The mayoral campaign of Leo Alexander seems to be a little unsure what its candidate has and hasn’t said.

In this week’s Loose Lips column, Washington City Paper reporter Mike DeBonis somewhat jokingly proposed six prominent District residents — among them WAMU’s Kojo Nnamdi, the Post’s Colbert King and U.S. District Judge Emmet G. Sullivan — as possible candidates to take on Mayor Adrian Fenty. DeBonis prefaced the list by pointing out that two current candidates for the city’s top job — Sulaimon Brown and Leo Alexander — face an uphill battle in unseating Fenty. On Alexander, DeBonis wrote, “The anti-illegal-immigrant rhetoric of Leo Alexander, the strongest candidate yet to declare, leaves a bad taste in LL’s mouth.”

In an email sent Thursday night to a quite large list of the District’s political and media establishment — including nearly every ANC, newsroom and political reporter in the city — Alexander’s director of communications, Debra A. Daniels, took DeBonis to task for the claim. “Michael DeBonis I really hate to say this but you have forced my pen. You are a second-rate reporter for having stated the attribution of ‘anti-illegal-immigrant rhetoric’ to DC 2010 Mayoral Candidate Leo Alexander when you in fact have not even interviewed Leo Alexander. So tell me and other DC resident Washington City Paper readers where the ‘anti-illegal-immigrant rhetoric’ garbage statement you have so loosely and unethically slung comes from. Is it ignorant hear-say perhaps? I say yes it is and you as a reporter ought to be ashamed of yourself for printing untrue, unsubstantiated garbage. One would think that the Washington City Paper could do better than this, but apparently not,” she wrote.

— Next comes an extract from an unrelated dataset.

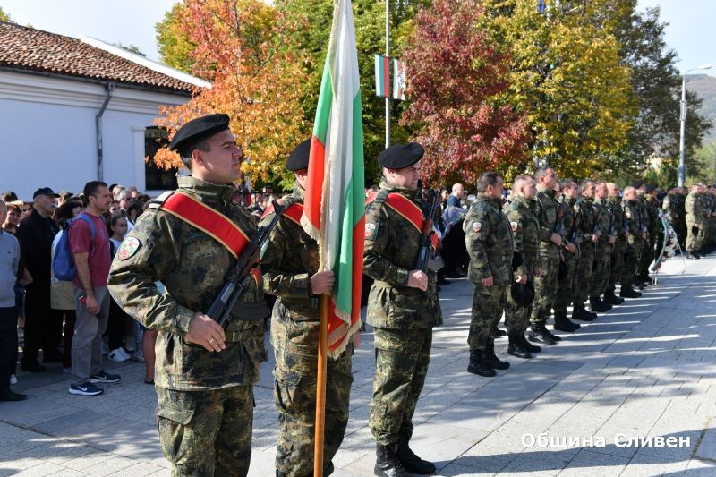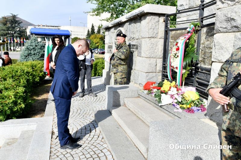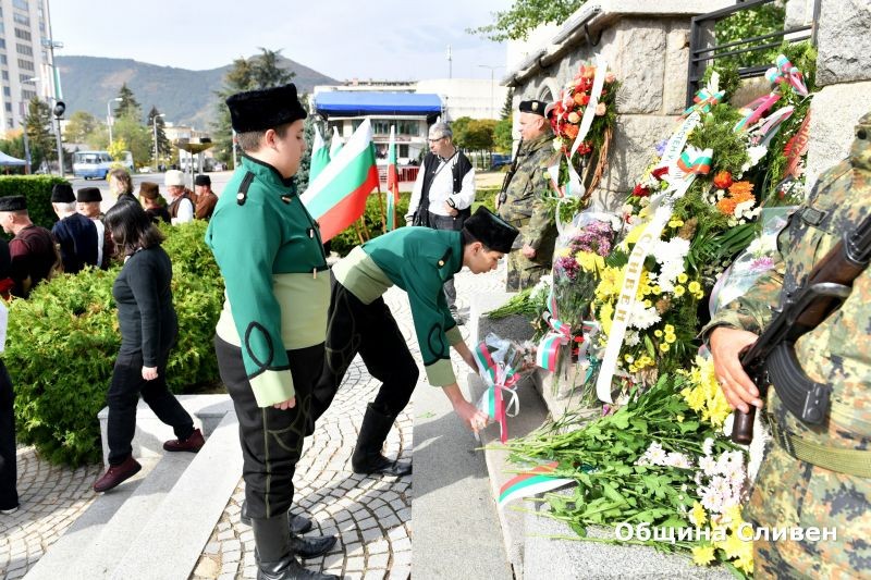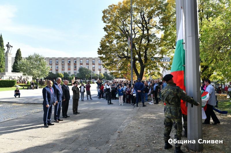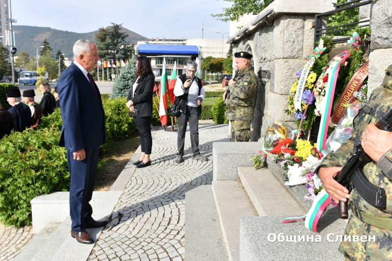 Празникът продължи с тържествен ритуал по издигане знамената на България, на Европейската общност и на Община Сливен. Венци и цветя бяха поднесени от изпълняващия длъжността кмет Румен Иванов, народните представители Мария Белова и Деян Дечев, изпълняващия длъжността областен управител Чавдар Божурски, председателя на Общински съвет-Сливен Димитър Митев и общински съветници, началника на Гарнизон-Сливен полк. Любомир Вачев, директора на Областна дирекция на МВР ст. комисар Димитър Величков, началници и директори от институциите в града, военно-патриотични съюзи, граждански сдружения, политически партии и организации, много граждани и ученици. Цветя и венци бяха поднесени и от името на Негово Високопреосвещенство Сливенският Митрополит Иоаникий и народните представители Десислава Танева, Татяна Султанова, Климент Шопов, Хатидже Георгиева.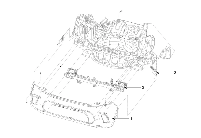 | 11. Rear bumper cover assembly 2. Rear bumper beam | 3. Rear bumper side mounting bracket [LH] |

Without even getting into the style of the response, the question remains — was DeBonis unfairly attacking Alexander for using “anti-illegal-immigrant rhetoric”? Sure doesn’t seem like it. When Alexander announced his candidacy in September, DeBonis himself stopped by the party to ask the first challenger to Fenty a few questions. Immigration came up. “A generation ago, Washingtonians worked in the hotel industry, parked cars in restaurants—they’re still here, but they’ve been replaced by illegal working poor who will do the job for less money and won’t complain because they’re illegal. We’ve got to do something about that,” said Alexander.